_The problem:_ Exactly the lines below from the one with "For Boxco P-Series,Ultraviolet" up to and including the one with "On April 3, 2016, over" make up the answer, with nothing else added.

──────────────────────────────

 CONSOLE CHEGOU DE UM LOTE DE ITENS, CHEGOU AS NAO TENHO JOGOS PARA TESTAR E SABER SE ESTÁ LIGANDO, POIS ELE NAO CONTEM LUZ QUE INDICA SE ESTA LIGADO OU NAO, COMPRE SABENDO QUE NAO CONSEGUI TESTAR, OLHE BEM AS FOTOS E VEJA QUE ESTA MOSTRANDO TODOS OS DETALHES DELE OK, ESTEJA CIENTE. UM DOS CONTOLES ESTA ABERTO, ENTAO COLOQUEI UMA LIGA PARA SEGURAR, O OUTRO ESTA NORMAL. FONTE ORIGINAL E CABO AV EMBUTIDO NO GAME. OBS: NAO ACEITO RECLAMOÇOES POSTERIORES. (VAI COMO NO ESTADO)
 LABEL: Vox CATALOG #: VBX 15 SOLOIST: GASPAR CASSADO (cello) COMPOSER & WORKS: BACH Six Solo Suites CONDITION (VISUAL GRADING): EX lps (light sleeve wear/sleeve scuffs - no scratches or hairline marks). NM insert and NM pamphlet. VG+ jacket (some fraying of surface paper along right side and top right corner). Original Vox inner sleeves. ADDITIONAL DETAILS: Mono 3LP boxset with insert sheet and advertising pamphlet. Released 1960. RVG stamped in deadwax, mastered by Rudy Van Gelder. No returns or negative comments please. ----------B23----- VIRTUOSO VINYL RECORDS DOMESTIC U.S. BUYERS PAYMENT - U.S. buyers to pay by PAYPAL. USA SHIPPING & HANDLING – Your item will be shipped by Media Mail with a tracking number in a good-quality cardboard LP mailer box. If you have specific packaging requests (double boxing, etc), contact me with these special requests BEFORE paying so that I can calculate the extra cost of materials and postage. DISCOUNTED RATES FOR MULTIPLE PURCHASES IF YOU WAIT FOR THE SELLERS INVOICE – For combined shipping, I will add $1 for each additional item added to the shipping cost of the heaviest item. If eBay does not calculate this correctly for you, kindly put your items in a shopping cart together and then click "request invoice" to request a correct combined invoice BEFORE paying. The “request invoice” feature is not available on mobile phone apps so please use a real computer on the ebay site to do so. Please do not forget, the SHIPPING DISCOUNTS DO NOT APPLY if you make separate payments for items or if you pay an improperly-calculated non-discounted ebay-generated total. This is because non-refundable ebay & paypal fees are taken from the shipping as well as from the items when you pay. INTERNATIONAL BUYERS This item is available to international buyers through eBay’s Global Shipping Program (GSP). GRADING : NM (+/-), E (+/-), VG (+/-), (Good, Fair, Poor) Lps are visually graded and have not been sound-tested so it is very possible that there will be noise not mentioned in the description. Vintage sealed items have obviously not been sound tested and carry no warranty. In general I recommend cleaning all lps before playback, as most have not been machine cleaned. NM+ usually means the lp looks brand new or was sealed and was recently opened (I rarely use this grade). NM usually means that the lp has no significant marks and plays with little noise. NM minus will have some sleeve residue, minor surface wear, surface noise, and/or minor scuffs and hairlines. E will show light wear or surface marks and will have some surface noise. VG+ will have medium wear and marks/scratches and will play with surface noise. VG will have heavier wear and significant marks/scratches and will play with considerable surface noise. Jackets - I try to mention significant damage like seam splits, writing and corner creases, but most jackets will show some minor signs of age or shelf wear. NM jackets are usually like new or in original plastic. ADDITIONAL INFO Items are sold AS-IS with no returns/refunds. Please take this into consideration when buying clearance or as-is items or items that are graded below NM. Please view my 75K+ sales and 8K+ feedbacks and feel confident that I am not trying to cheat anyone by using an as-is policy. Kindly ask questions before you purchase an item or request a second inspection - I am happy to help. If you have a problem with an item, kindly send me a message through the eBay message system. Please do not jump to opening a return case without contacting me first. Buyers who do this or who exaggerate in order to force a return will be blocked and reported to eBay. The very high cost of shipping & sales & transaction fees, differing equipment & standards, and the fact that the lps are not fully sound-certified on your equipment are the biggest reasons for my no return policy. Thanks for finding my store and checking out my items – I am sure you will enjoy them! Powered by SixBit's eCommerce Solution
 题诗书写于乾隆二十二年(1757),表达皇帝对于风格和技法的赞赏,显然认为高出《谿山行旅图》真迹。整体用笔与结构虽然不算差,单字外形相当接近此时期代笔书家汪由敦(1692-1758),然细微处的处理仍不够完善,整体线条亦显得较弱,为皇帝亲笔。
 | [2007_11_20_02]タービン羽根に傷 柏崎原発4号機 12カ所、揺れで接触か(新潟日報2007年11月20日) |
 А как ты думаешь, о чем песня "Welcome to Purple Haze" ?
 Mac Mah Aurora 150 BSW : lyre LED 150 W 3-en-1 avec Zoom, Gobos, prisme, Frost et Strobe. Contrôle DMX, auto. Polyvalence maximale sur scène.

──────────────────────────────

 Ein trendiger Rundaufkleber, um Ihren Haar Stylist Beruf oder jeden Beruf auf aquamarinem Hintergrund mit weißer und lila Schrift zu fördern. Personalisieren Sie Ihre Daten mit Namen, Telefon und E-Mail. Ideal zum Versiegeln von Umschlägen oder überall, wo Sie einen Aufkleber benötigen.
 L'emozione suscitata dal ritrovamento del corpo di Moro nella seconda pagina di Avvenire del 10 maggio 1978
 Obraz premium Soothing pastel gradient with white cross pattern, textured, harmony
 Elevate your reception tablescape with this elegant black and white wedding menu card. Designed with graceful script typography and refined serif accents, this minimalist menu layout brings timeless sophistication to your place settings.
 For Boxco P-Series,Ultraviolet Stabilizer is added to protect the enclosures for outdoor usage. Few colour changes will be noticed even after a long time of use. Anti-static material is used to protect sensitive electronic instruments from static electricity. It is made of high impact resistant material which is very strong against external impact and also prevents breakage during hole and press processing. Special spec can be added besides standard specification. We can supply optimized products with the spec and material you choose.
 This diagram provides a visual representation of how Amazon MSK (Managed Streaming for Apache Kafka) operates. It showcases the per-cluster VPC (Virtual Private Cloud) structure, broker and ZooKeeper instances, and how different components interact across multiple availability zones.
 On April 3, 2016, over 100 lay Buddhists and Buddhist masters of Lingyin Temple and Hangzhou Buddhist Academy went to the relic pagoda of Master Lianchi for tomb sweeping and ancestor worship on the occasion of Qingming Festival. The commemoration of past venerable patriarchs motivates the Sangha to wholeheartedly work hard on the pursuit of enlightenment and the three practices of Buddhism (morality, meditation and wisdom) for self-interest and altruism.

──────────────────────────────

_Problem solution:_
 For Boxco P-Series,Ultraviolet Stabilizer is added to protect the enclosures for outdoor usage. Few colour changes will be noticed even after a long time of use. Anti-static material is used to protect sensitive electronic instruments from static electricity. It is made of high impact resistant material which is very strong against external impact and also prevents breakage during hole and press processing. Special spec can be added besides standard specification. We can supply optimized products with the spec and material you choose.
 This diagram provides a visual representation of how Amazon MSK (Managed Streaming for Apache Kafka) operates. It showcases the per-cluster VPC (Virtual Private Cloud) structure, broker and ZooKeeper instances, and how different components interact across multiple availability zones.
 On April 3, 2016, over 100 lay Buddhists and Buddhist masters of Lingyin Temple and Hangzhou Buddhist Academy went to the relic pagoda of Master Lianchi for tomb sweeping and ancestor worship on the occasion of Qingming Festival. The commemoration of past venerable patriarchs motivates the Sangha to wholeheartedly work hard on the pursuit of enlightenment and the three practices of Buddhism (morality, meditation and wisdom) for self-interest and altruism.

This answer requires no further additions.